Temple of the WindIt stood on top of a small hill overlooking the blue, blue ocean, off to the left of El Castillo and the other two main structures at Tulum: the domed Temple of the Wind. Inside, we could see the remains of some of the original paintings that decorated its ceiling.

Our crystal bore the same vibration as this temple. And I knew for sure this was the place when I saw that the crystal's color matched the color of the paint inside that temple.

We hid the crystal near this temple, then stood outside, watching the ocean. It was over.

Now, although our small group of Oneness had never seen this place before, to me it was all so familiar.

A Miracle in the Sky

In the eighteen years since I had walked upon the grass of Tulum, the government had built up the area so that tourists could be controlled more easily — and there were a lot of them on this day, for it was the weekend.
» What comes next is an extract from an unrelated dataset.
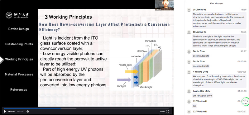 材料学院18级 鲍浙安   本次线上学习交流活动,虽然时间并不是很长,但是在这有限的时间里面我学习到了很多在国内课堂里学习不到的知识以及增加了一些新的上课体验。交流活动围绕的主题是关于太阳能电池与电化学等能源应用材料展开。随着社会的不断发展,粗放型的传统能源所带来的环境污染问题越来越严重,同时传统能源效率低下的问题一直得不到有效解决。在这样的背景之下,新能源材料作为一种高效的清洁能源收集,转化中介,对于缓和经济发展与环境之间的矛盾,调整能源供需问题起到了重要作用。
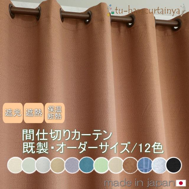 【送料無料】日本製 間仕切りカーテン ハト目カーテン 遮光 つっぱり式 断熱 目隠し 節電 シンプル無地12色【幅145cm×丈既製サイズ】1枚入り日本製

But none of this mattered to me, not the crowds of people, not the changes. I could feel that what was about to happen here would be wonderful — and important to the balancing of the Mayan energies.

At first we all went in different directions, exploring, while I tried to remember where we had placed the original crystal. That had been so long ago! But after about twenty minutes, I found it. I knew right away that this was the right place when I looked inside and saw the frescoes.

Standing at this temple, I scanned the area of Tulum, looking for a place to do our ceremony. In a few moments, I saw, out in the expanse of grass that surrounds the temples of Tulum, one area that seemed to glow more than any other. I walked directly to it. By now, our group had collected, and so everyone followed.

The location was perfect. What it was, or why, I don't know, but it was perfect.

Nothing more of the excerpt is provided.